▶ EXERCISE OBJECTIVE
For the material below, reproduce exactly each line from the one that has "- Gbps (Gigabits" through the one that has "Nio Group delivered", and no others; pictures stay out.

(Beginning of THE RECORDS)

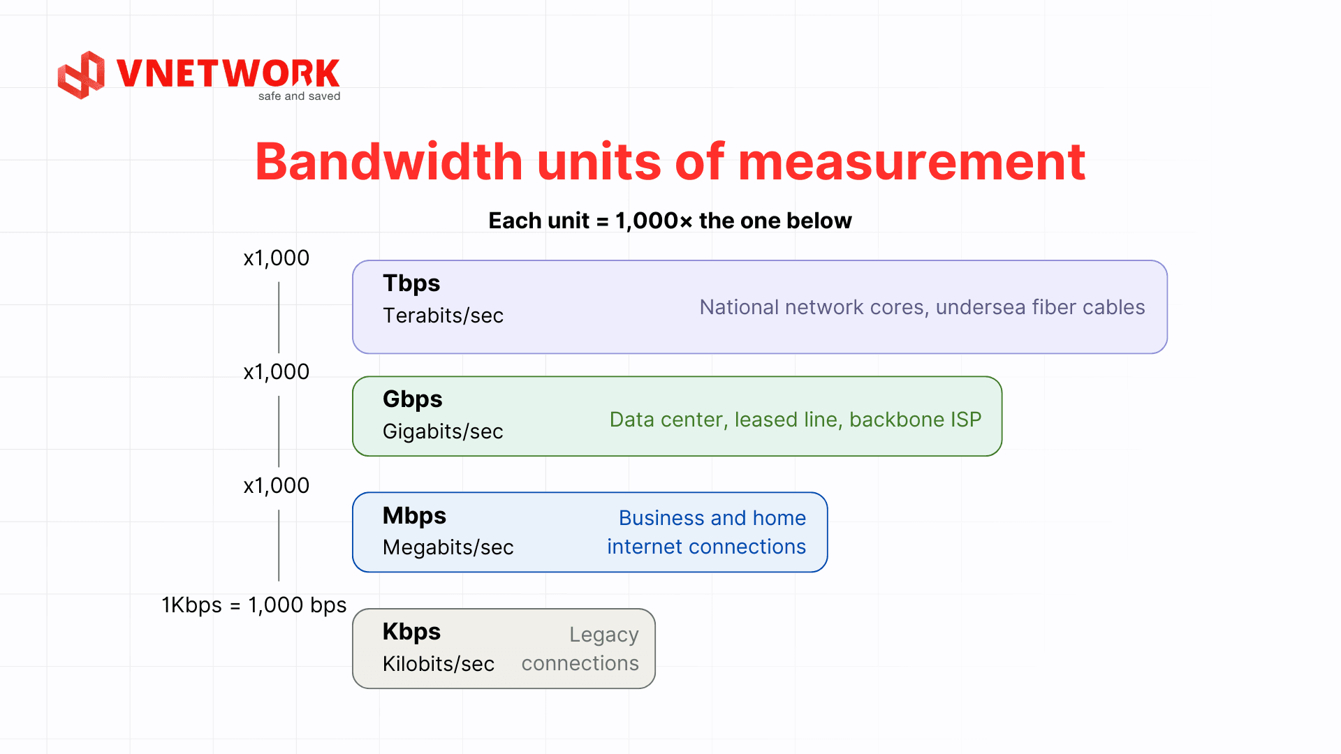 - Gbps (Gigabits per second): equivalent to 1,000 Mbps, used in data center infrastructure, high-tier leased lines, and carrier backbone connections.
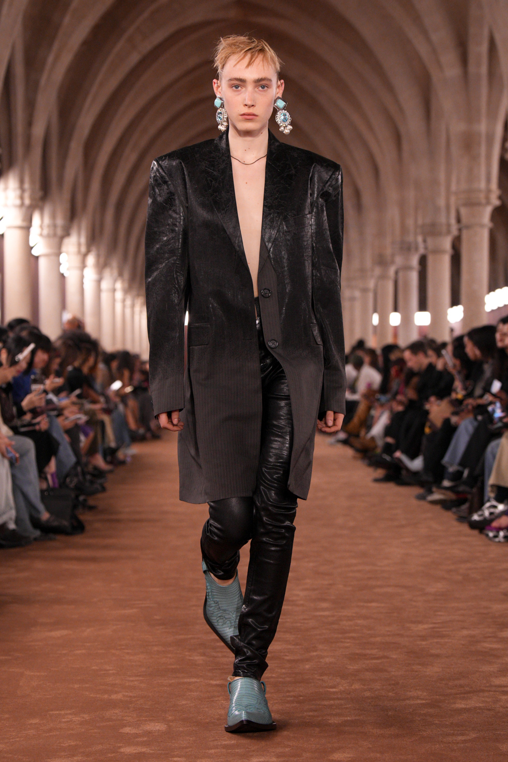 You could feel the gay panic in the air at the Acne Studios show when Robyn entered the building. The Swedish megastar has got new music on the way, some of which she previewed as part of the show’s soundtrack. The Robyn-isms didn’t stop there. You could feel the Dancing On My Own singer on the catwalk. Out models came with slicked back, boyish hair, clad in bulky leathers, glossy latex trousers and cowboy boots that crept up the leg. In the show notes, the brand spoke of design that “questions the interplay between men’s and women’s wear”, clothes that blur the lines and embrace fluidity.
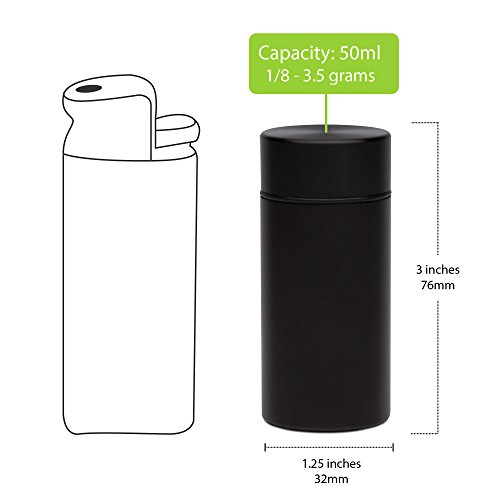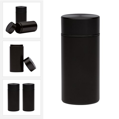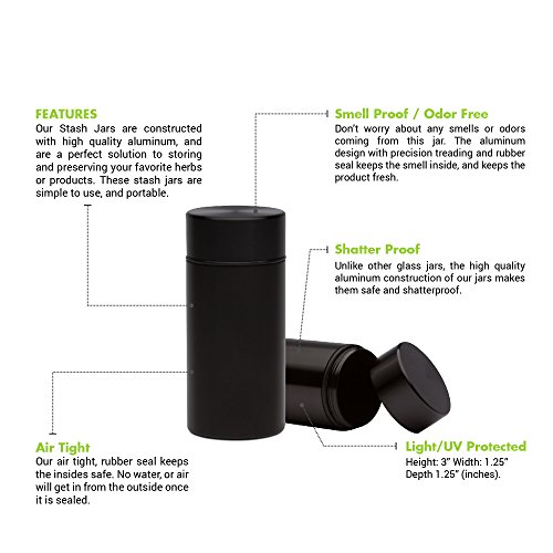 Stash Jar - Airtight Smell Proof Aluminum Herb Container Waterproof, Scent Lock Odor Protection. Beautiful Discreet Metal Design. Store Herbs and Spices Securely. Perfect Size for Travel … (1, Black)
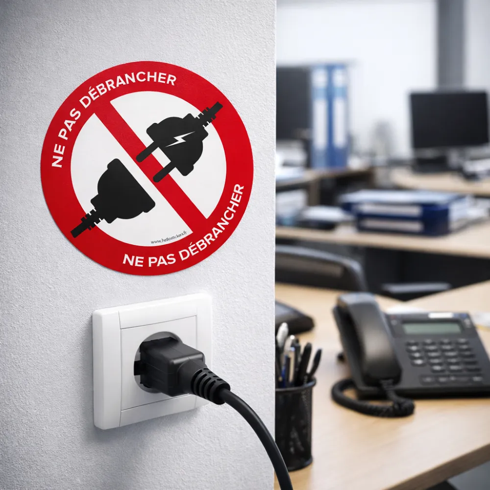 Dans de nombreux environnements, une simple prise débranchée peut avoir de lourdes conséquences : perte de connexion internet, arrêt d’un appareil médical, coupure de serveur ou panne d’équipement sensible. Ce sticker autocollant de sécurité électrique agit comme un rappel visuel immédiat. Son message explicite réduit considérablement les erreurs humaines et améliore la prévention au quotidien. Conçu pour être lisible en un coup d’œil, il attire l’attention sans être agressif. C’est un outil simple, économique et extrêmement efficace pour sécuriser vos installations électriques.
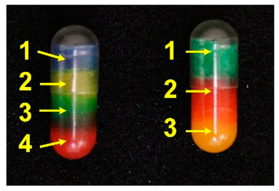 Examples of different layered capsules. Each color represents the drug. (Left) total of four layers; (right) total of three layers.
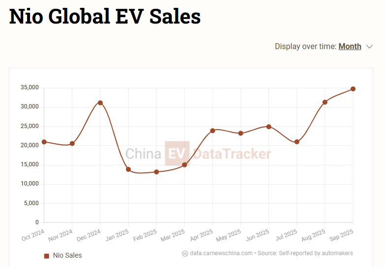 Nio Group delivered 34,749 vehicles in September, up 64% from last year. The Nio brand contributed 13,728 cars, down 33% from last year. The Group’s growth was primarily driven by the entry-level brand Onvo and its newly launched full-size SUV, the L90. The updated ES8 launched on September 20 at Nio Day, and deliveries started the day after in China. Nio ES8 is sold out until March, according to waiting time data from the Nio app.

(End of THE RECORDS)
(Beginning of THE RECORDS)

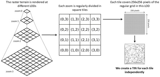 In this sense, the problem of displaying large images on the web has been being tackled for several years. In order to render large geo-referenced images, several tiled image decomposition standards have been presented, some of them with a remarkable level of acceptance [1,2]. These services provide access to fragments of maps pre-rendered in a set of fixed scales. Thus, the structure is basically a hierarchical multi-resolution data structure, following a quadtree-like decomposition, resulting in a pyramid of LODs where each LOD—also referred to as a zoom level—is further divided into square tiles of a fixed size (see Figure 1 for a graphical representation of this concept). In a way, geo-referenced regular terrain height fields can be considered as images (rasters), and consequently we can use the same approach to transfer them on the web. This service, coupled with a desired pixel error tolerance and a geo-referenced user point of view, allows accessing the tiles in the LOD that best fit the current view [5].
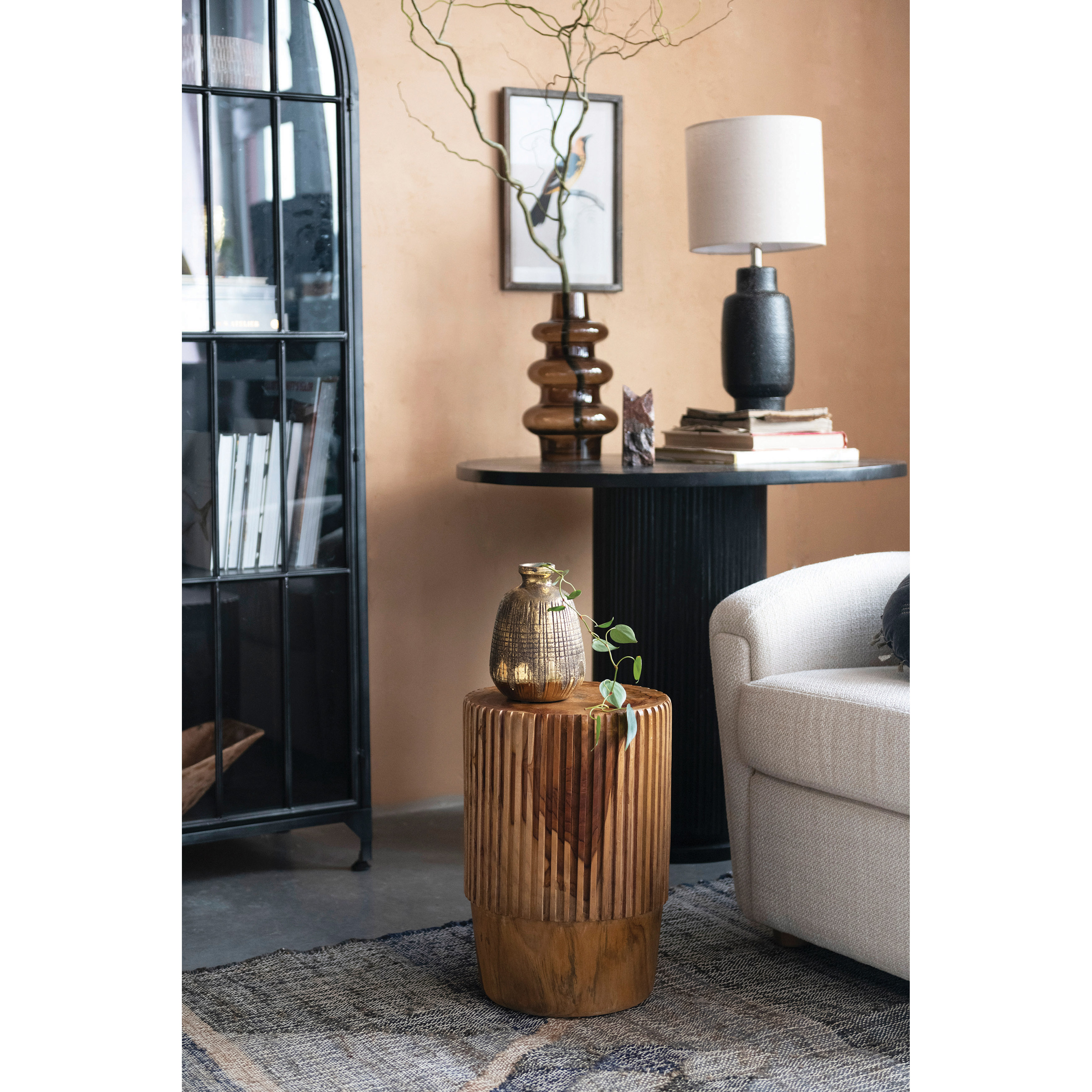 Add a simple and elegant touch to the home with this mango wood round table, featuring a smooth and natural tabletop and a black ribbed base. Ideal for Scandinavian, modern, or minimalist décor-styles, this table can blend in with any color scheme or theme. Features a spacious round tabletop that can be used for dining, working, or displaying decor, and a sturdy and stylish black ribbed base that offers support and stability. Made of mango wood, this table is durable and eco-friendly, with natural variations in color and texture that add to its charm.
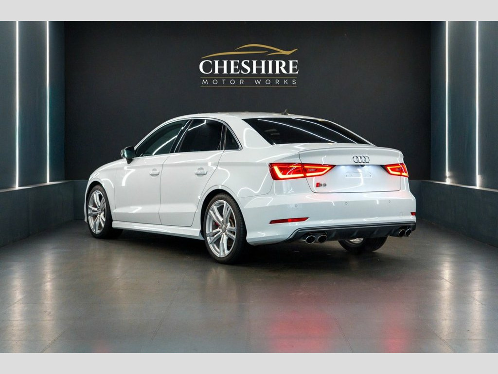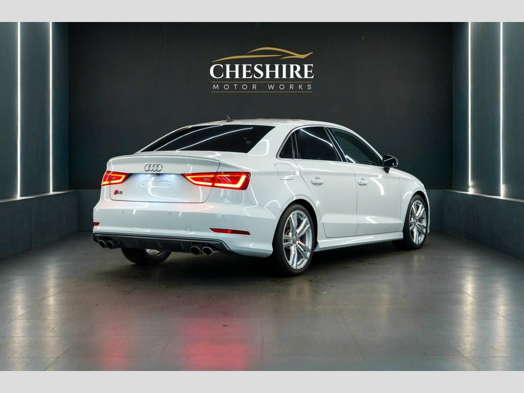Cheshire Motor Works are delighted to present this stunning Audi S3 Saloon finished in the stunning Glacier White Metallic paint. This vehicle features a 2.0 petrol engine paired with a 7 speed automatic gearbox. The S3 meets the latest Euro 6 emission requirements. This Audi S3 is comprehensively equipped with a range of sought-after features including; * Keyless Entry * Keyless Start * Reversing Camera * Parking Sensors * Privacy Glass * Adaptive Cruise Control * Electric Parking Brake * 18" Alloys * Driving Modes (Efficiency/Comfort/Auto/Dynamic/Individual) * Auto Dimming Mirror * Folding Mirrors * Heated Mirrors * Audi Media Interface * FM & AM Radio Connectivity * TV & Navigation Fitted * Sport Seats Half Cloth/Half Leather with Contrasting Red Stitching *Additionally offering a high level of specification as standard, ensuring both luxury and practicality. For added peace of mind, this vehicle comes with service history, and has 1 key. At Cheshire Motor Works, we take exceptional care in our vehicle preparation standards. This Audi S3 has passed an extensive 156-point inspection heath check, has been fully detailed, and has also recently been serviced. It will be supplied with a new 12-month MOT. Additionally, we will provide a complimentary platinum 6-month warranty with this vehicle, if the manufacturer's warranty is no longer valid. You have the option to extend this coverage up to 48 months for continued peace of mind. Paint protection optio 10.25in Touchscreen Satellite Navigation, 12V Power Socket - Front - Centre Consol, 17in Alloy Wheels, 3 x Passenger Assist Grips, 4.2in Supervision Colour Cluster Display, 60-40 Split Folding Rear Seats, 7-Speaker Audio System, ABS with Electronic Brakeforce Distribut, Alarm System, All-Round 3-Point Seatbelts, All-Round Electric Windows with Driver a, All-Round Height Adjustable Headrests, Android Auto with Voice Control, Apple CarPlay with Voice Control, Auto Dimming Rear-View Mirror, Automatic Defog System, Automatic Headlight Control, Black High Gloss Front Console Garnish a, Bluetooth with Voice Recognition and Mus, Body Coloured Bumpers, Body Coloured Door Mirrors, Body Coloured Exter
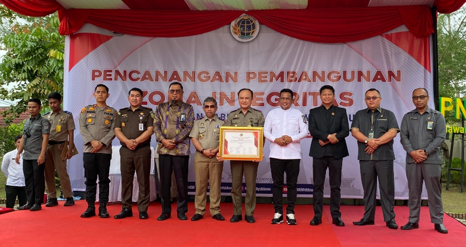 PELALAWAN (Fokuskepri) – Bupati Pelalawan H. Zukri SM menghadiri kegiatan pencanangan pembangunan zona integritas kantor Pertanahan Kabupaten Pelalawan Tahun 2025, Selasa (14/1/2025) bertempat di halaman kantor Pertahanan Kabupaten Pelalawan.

(End of THE RECORDS)
(Beginning of THE RECORDS)

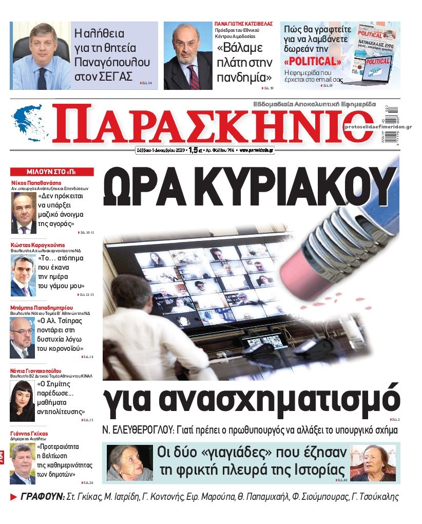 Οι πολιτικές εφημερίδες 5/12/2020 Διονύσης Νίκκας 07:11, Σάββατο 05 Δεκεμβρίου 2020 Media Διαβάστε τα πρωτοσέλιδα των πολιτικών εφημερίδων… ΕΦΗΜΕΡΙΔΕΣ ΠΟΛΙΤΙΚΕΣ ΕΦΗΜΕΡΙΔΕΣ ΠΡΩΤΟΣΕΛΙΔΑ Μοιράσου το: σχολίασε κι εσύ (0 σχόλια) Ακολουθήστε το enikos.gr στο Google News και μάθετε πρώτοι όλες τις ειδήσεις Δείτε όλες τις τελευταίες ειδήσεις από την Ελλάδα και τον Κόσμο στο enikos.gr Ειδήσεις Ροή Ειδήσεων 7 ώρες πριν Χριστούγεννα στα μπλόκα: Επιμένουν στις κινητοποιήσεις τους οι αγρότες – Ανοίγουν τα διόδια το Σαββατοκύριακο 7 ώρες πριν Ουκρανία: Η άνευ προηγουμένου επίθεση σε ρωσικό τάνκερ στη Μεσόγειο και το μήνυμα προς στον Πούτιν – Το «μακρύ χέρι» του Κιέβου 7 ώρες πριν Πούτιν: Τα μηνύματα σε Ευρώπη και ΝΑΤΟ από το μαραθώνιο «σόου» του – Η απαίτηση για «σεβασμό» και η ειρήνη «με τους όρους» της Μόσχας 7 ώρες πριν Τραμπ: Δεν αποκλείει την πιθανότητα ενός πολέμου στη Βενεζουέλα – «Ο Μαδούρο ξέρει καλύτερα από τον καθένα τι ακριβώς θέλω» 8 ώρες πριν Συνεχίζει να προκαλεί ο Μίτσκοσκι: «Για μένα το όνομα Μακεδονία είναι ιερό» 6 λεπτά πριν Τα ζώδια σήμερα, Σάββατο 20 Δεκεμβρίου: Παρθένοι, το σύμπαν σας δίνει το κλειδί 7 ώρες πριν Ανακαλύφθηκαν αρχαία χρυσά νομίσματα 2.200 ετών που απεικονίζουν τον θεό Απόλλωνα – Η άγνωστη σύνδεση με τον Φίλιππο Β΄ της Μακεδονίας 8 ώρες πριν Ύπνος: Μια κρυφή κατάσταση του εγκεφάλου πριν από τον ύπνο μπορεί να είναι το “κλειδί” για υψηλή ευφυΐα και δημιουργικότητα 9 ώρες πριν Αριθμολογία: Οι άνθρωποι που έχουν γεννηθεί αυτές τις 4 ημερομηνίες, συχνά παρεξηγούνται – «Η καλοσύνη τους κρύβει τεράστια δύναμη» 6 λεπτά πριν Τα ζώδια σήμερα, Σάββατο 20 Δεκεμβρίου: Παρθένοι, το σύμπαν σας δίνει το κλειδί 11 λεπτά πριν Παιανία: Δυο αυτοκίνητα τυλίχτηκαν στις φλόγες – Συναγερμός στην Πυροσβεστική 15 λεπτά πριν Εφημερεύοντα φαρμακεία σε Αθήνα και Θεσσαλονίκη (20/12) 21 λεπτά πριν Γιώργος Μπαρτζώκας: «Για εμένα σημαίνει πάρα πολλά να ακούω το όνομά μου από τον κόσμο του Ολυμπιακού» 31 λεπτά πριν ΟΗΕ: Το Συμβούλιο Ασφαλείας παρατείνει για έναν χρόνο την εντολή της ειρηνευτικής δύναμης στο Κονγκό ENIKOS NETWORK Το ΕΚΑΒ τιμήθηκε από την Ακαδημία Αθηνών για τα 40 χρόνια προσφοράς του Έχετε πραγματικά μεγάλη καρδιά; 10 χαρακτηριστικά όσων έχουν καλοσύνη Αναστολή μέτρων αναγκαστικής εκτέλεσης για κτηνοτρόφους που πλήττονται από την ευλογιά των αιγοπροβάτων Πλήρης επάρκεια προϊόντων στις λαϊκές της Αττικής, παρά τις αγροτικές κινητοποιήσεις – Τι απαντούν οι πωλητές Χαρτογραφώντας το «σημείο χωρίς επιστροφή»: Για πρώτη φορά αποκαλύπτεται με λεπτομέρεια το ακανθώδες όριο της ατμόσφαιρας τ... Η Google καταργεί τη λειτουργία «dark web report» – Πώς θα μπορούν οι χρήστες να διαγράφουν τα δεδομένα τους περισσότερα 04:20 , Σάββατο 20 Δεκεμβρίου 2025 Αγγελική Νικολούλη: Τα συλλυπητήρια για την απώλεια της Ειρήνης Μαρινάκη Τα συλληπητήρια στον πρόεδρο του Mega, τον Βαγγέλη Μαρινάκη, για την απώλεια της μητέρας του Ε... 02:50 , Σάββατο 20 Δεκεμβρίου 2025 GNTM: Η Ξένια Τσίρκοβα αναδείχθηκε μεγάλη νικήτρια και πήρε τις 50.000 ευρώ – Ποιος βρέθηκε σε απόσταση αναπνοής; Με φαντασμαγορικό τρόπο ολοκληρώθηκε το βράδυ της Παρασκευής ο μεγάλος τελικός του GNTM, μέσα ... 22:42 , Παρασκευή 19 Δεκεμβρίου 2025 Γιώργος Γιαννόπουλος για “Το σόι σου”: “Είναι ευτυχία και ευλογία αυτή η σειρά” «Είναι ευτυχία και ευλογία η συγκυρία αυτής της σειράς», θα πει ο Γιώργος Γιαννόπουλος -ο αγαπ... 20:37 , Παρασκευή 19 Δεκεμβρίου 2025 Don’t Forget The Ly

(End of THE RECORDS)

▶ RESPONSE TO THE EXERCISE
 - Gbps (Gigabits per second): equivalent to 1,000 Mbps, used in data center infrastructure, high-tier leased lines, and carrier backbone connections.
 You could feel the gay panic in the air at the Acne Studios show when Robyn entered the building. The Swedish megastar has got new music on the way, some of which she previewed as part of the show’s soundtrack. The Robyn-isms didn’t stop there. You could feel the Dancing On My Own singer on the catwalk. Out models came with slicked back, boyish hair, clad in bulky leathers, glossy latex trousers and cowboy boots that crept up the leg. In the show notes, the brand spoke of design that “questions the interplay between men’s and women’s wear”, clothes that blur the lines and embrace fluidity.
 Stash Jar - Airtight Smell Proof Aluminum Herb Container Waterproof, Scent Lock Odor Protection. Beautiful Discreet Metal Design. Store Herbs and Spices Securely. Perfect Size for Travel … (1, Black)
 Dans de nombreux environnements, une simple prise débranchée peut avoir de lourdes conséquences : perte de connexion internet, arrêt d’un appareil médical, coupure de serveur ou panne d’équipement sensible. Ce sticker autocollant de sécurité électrique agit comme un rappel visuel immédiat. Son message explicite réduit considérablement les erreurs humaines et améliore la prévention au quotidien. Conçu pour être lisible en un coup d’œil, il attire l’attention sans être agressif. C’est un outil simple, économique et extrêmement efficace pour sécuriser vos installations électriques.
 Examples of different layered capsules. Each color represents the drug. (Left) total of four layers; (right) total of three layers.
 Nio Group delivered 34,749 vehicles in September, up 64% from last year. The Nio brand contributed 13,728 cars, down 33% from last year. The Group’s growth was primarily driven by the entry-level brand Onvo and its newly launched full-size SUV, the L90. The updated ES8 launched on September 20 at Nio Day, and deliveries started the day after in China. Nio ES8 is sold out until March, according to waiting time data from the Nio app.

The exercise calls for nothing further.